This book, the fifth of 15 related monographs, presents systematically a theory of product-cubic nonlinear systems with constant and single-variable linear vector fields. The product-cubic vector field is a product of linear and quadratic different univariate functions. The hyperbolic and hyperbolic-secant flows with directrix flows in the cubic product system with a constant vector field are discussed first, and the cubic product systems with self-linear and crossing-linear vector fields are discussed. The inflection-source (sink) infinite equilibriums are presented for the switching bifurcations of a connected hyperbolic flow and saddle with hyperbolic-secant flow and source (sink) for the connected the separated hyperbolic and hyperbolic-secant flows.
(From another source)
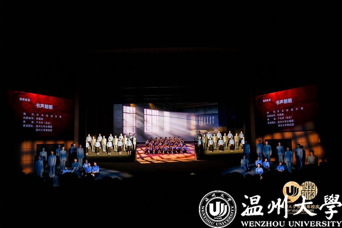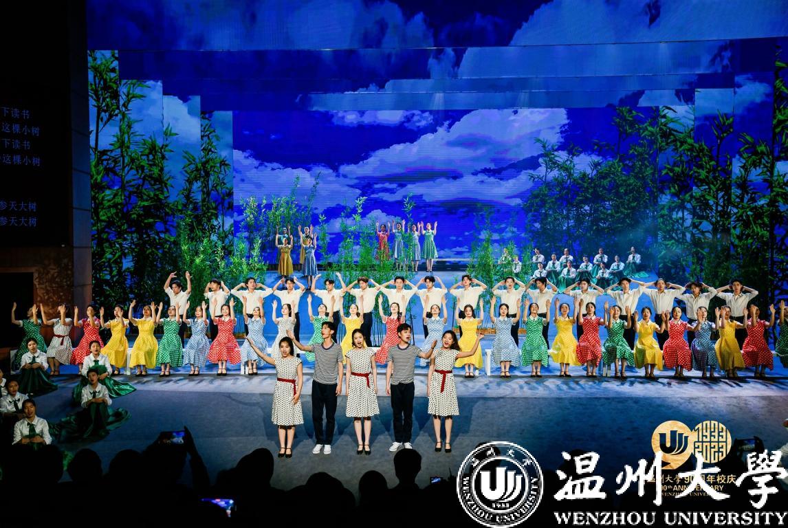 5月13日晚,庆祝ac米兰官网中文网站办学90周年大型情景音舞史诗《温大记忆》于ac米兰官网中文网站茶山校区育英大礼堂震撼开演。《温大记忆》同步进行现场直播,演出邀请海内外全体温大人“云端”相聚,共同庆祝母校90岁生日。
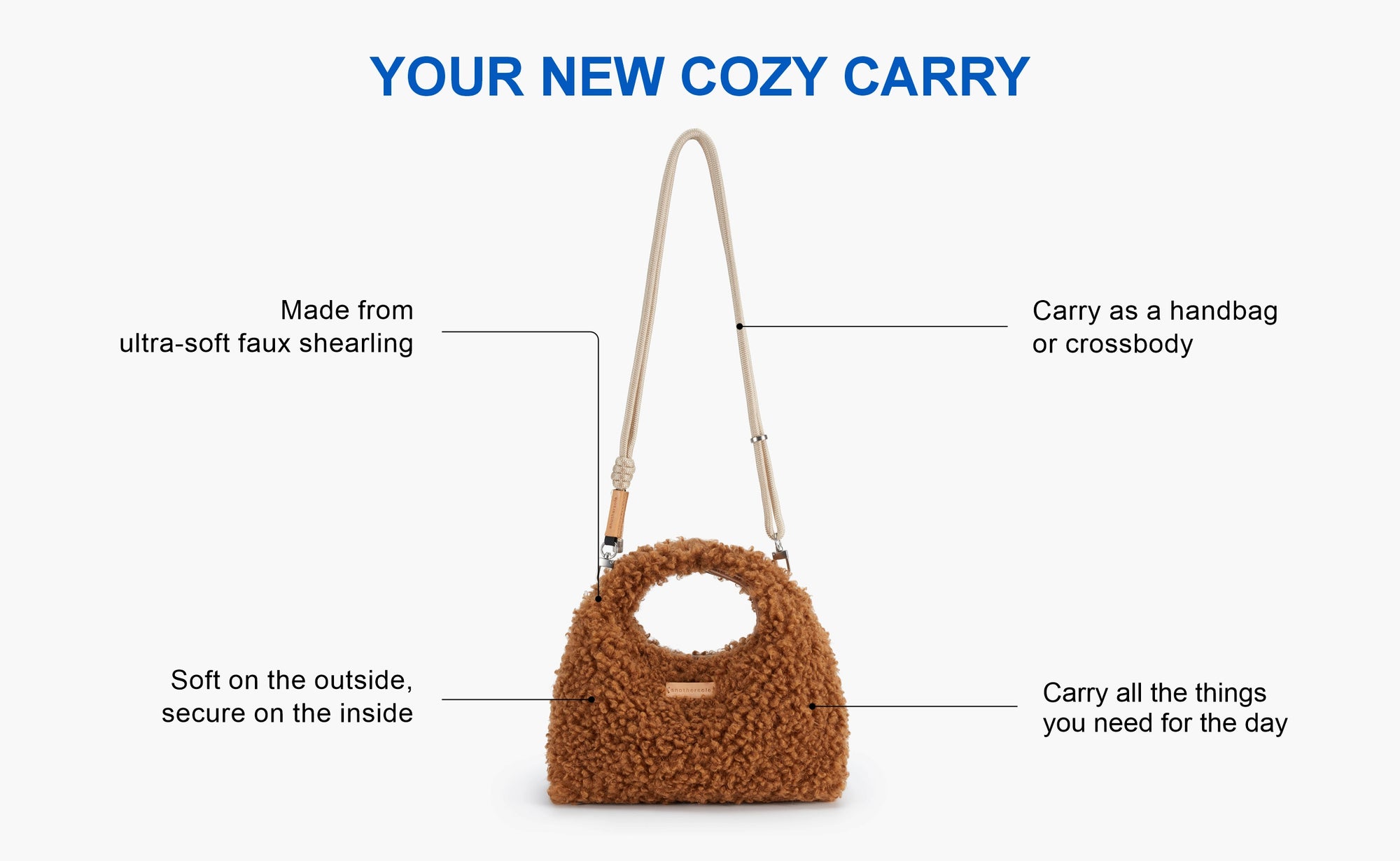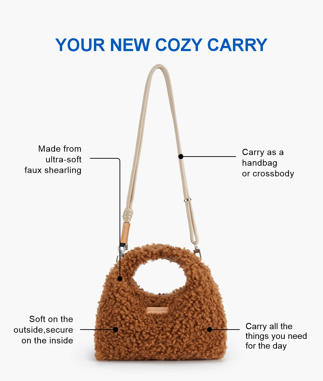 • 431C1BE3-2884-4994-9D4E-E96E091346AE Created with sketchtool. Softly structured, endlessly charming — the Teddy Bag is your cozy companion for the season. Crafted from plush faux shearling, it brings a playful yet polished touch to your everyday look. Compact but practical, it transitions seamlessly from hand-held to crossbody with your favorite CarryOn strap. Perfect for crisp fall days, Teddy holds just what you need — and looks irresistibly cute doing it.

The inflection-sink and source infinite-equilibriums with parabola-saddles are presented for the switching bifurcations of a separated hyperbolic flow and saddle with a hyperbolic-secant flow and center.   Readers learn new concepts, theory, phenomena, and analysis techniques, such as Constant and product-cubic systems, Linear-univariate and product-cubic systems, Hyperbolic and hyperbolic-secant flows, Connected hyperbolic and hyperbolic-secant flows, Separated hyperbolic and hyperbolic-secant flows, Inflection-source (sink) Infinite-equilibriums and Infinite-equilibrium switching bifurcations.  Develops a theory of product-cubic nonlinear systems with constant and single-variable linear vector fields;Presents inflection-source (sink) infinite-equilibriums for the switching of a connected hyperbolic flow;Presents inflection-sink (source) infinite-equilibriums for the switching of a paralleled hyperbolic flow.  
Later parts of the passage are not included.